Linear fibrotic strands, or cord-like shadows, constituted 17.9% of false positives. These are typically sequelae of prior infections, such as tuberculosis or pneumonia, and appear as thin, linear densities radiating from the pleura. When oriented perpendicularly to the scan plane, they manifest as small, round foci that satisfy the AI’s geometric criteria for a nodule. Likewise, thickened interlobular septa—part of the pulmonary lobular architecture—were misclassified in 9.0% of cases. These form polygonal or ring-like patterns that simulate ground-glass nodules, particularly in areas of early interstitial disease.

Other notable contributors included pleural plaques (5.4%), interlobar pleural thickening (4.5%), patchy consolidative opacities (4.5%), and bronchiectasis with wall thickening (3.1%). Less common but still relevant were tree-in-bud patterns (1.7%), mucoid impaction (1.0%), and mediastinal vascular protrusions (0.5%). Each of these entities shares visual similarities with true nodules in terms of size, density, or border definition, yet differs fundamentally in origin and clinical significance.

The researchers emphasized that certain causes were more likely to produce specific nodule types. For example, pleural nodules, cords, and thickened vessels predominantly led to false solid nodules. In contrast, vascular bifurcations and lobular structures were more frequently misclassified as pure ground-glass opacities. Part-solid false positives, though rare, were primarily associated with confluent inflammatory patterns such as clustered tree-in-bud lesions or aggregated bronchiectatic segments filled with secretions.

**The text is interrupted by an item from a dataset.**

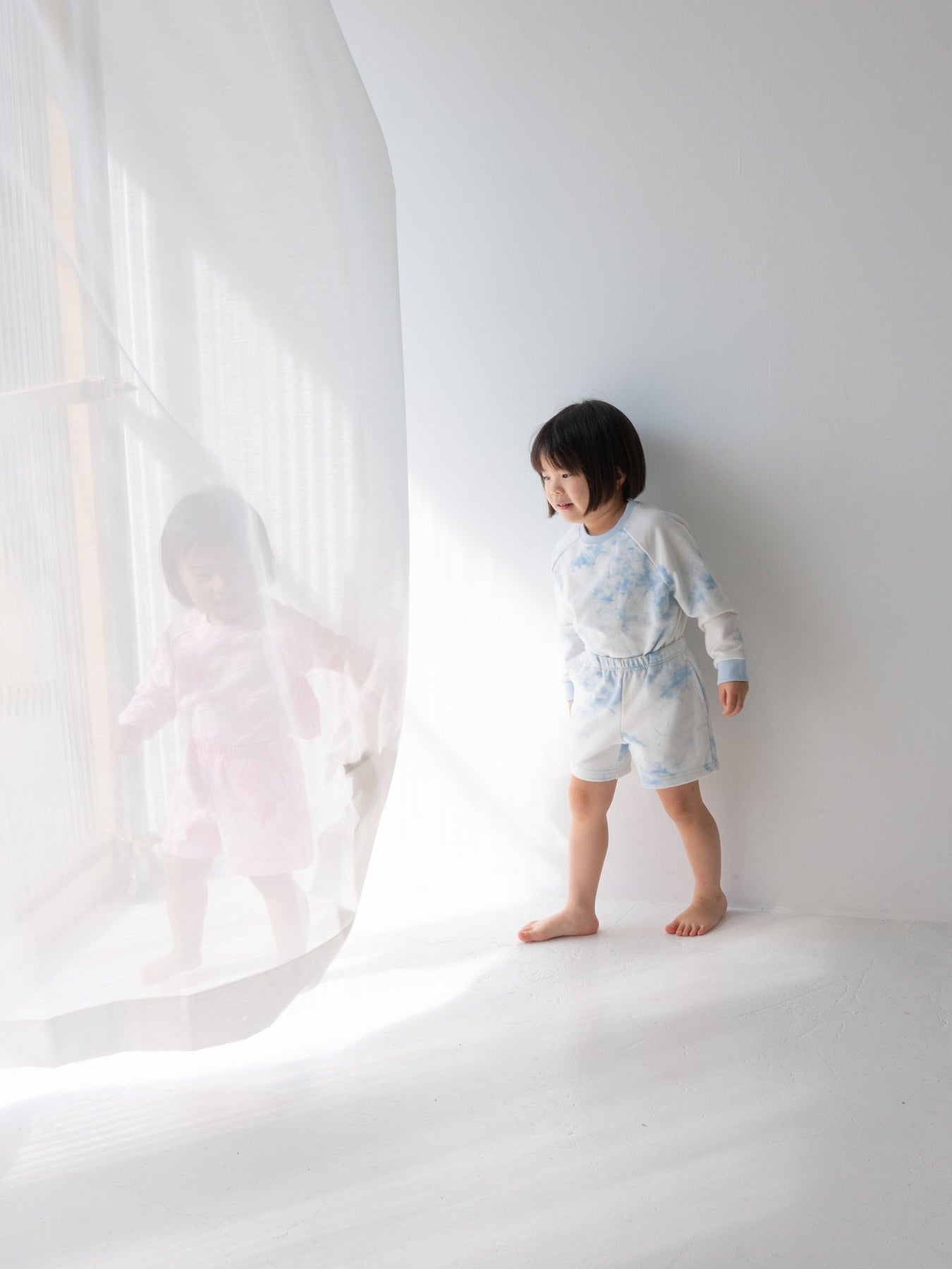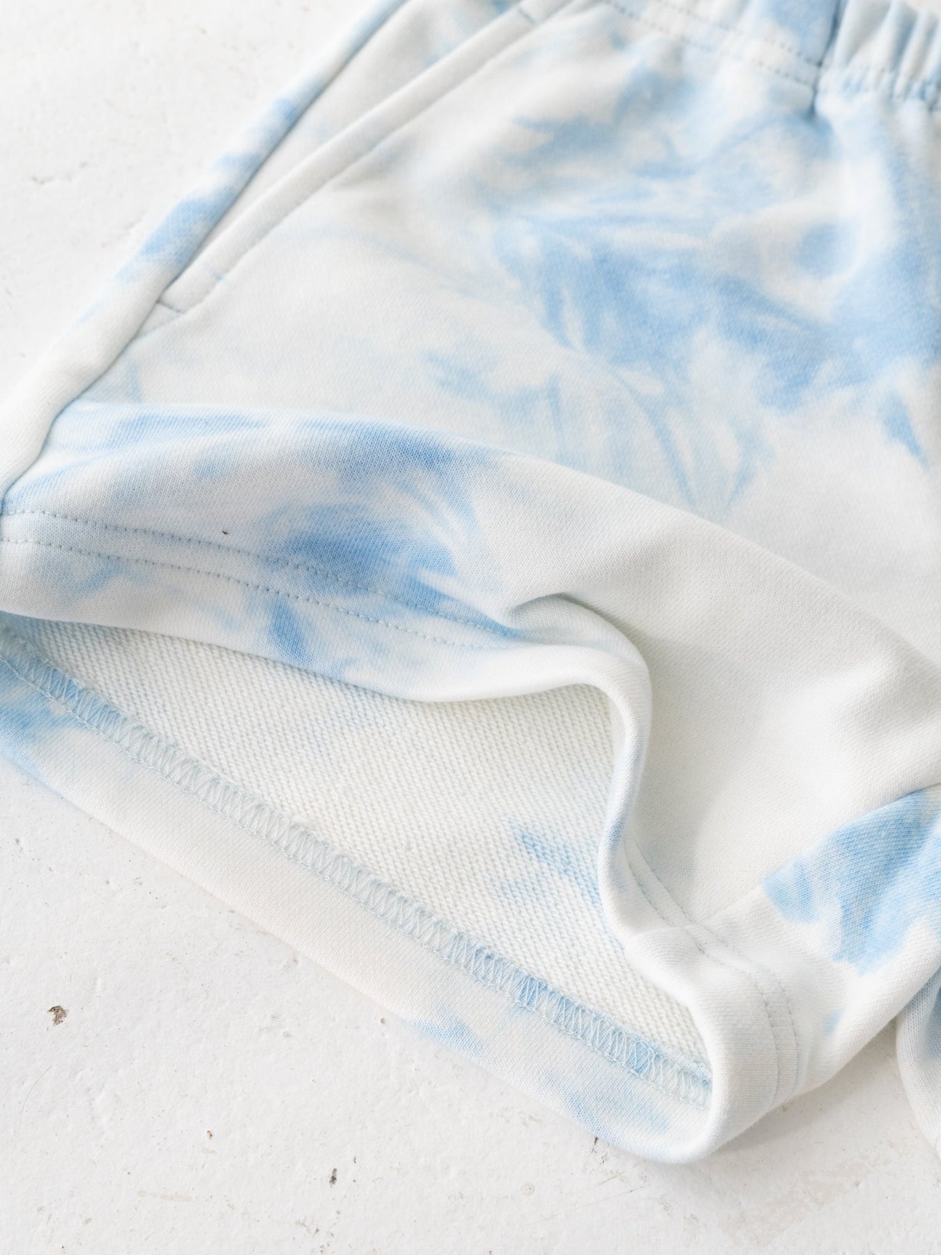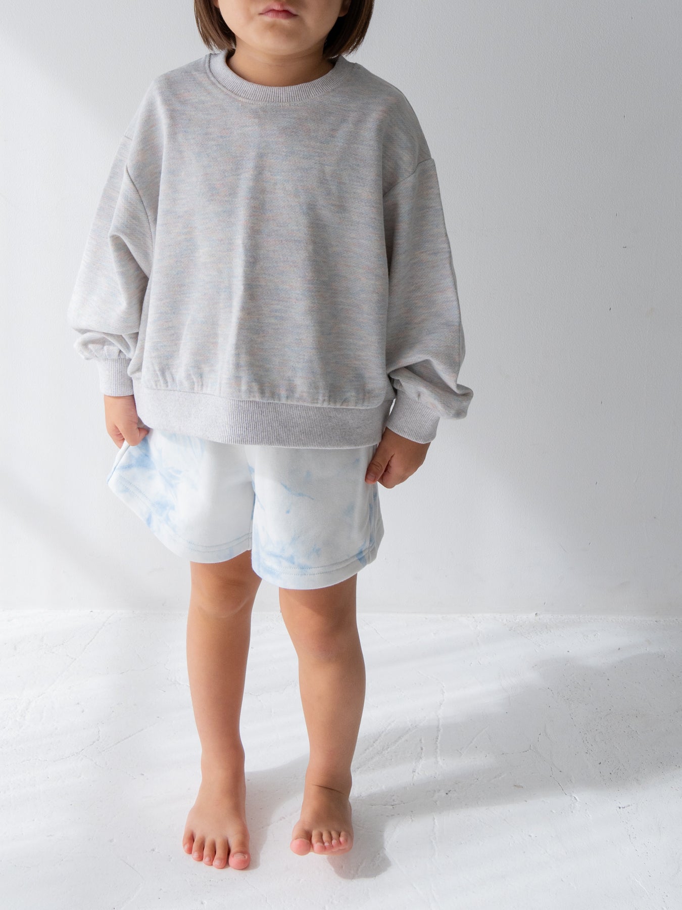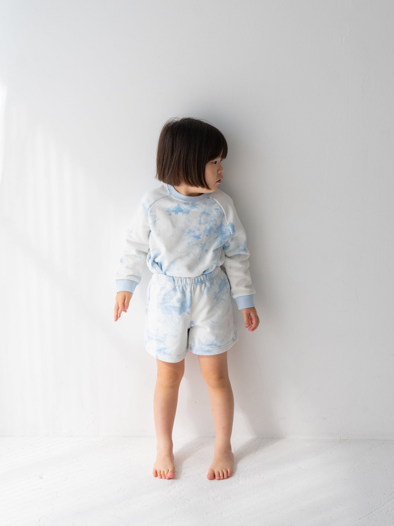 まるで水彩画のようにふんわりとしたタイダイ染めが印象的なスウェットショートパンツ。クセのないやさしいカラーリングで、コーディネートに自然となじむ一枚です。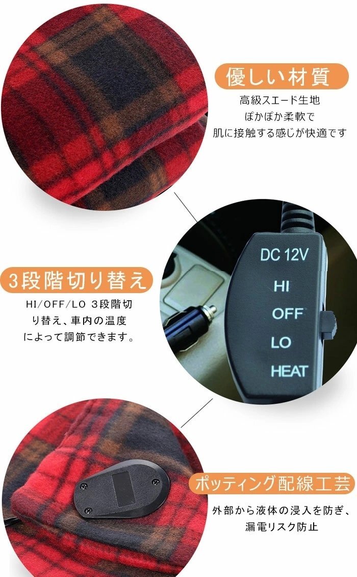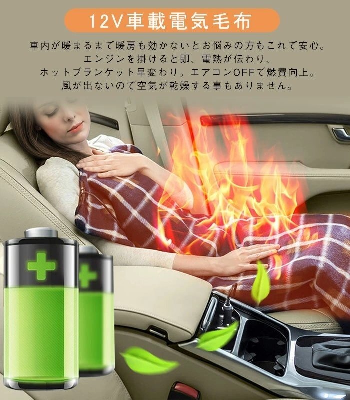 12V車用 電気毛布 車載毛布 多機能カー毛布 防寒保温 快速加熱 簡単操作 省エネルギー 車載用品3段階切り替電気毛布 12V暖房器具 防寒保温

These findings highlight a critical gap in current AI training paradigms: insufficient representation of benign mimics. Most deep learning models are trained on datasets enriched with confirmed malignant or suspicious nodules, with relatively fewer examples of complex benign anatomy. As a result, the AI learns to recognize “nodule-like” patterns but lacks robust negative examples that teach it what not to flag. Incorporating a wider array of non-nodular pulmonary structures into training sets—alongside detailed annotations explaining why they should be excluded—could enhance discriminative power.

Moreover, the spatial reasoning capabilities of current convolutional neural networks (CNNs) remain limited. While 3D CNNs have shown promise in capturing volumetric context compared to 2D counterparts, their deployment in clinical settings is still nascent. The majority of commercial AI tools operate on 2D slice-by-slice analysis, missing crucial information available through multiplanar reformats or longitudinal tracking. Expanding the use of 3D contextual networks, as suggested in prior research, could allow AI to follow vessel paths, trace pleural attachments, and assess lesion continuity across slices—capabilities essential for reducing false positives.

Another consideration is the role of radiologist-AI collaboration. Rather than viewing AI as a standalone diagnostic tool, the optimal model may be one of synergistic partnership. Radiologists bring contextual knowledge, pattern recognition expertise, and clinical judgment that AI currently lacks. Conversely, AI excels at rapid, consistent scanning of large datasets. When combined, the two can complement each other—AI flags potential areas of interest, and the radiologist applies higher-order reasoning to confirm or dismiss them. However, this workflow only succeeds if the AI output is manageable in volume and quality. An excessive number of false positives overwhelms the human reviewer, negating efficiency gains.

The authors also noted that their study population consisted of healthy individuals without diffuse lung disease, extensive scarring, or multiple pleural abnormalities. This selection criterion was intentional, aimed at isolating baseline false positive rates in a relatively clean cohort. Nevertheless, it introduces a potential bias: in real-world clinical practice, many patients have complex pulmonary histories that exacerbate false detection rates. Previous studies have shown that the presence of interstitial lung disease or post-infectious fibrosis can dramatically increase AI-generated false positives. Thus, while the reported average of 1.6 false nodules per scan provides a useful benchmark, actual performance in sicker populations may be less favorable.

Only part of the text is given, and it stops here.